Times Online
July 30, 2009
Shell’s earnings in the three months to the end of June declined from $7.9 billion (£4.8 billion) in the same period last year to $2.3 billion. Its first half performance was 64 per cent lower at $5.6 billion.
In his first results as chief executive, since taking over from Jeroen van der Veer, Shells Peter Voser gave a gloomy assessment of the oil market blaming the economic downturn for reduced energy demand. Since reaching a record high of $147 a barrel last year, oil is now trading 57 per cent lower at $63.
Mr Voser also warned that production capacity and costs remained too high in the industry and would remain a threat.
Shell’s performance was worse than BP’s, which reported its second quarter results two days ago.
BP’s profits fell 53 per cent but has launched a programme to cut a further $1 billion of costs on top of the $2 billion it has already achieved.
Shell is also cutting costs and took $700 million out of its operations in the first half.
It has also reduced its senior management numbers by 20 per cent and plans to cut capital expenditure by 10 per cent next year.
Mr Voser said: “Energy demand is weak.
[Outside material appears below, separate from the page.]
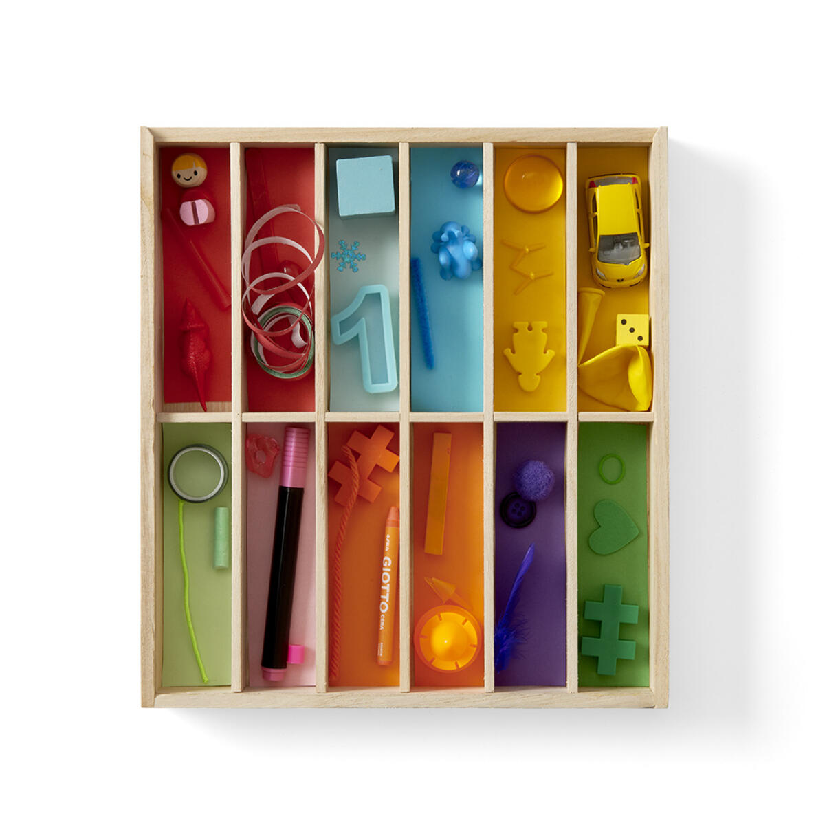 Bruk en eske med rom, vi har brukt en treeske til fargeblyanter.

There is excess capacity in the market, and industry costs remain high. Conditions are likely to remain challenging for some time, and we are not banking on a quick recovery. Shell is adapting to this new situation, and we must do more.”
Despite the difficult market conditions, Shell said it would be increasing its second quarter dividend by 5 per cent to 42 cents a share. The total interim dividend is also up 5 per cent to 84 cents a share.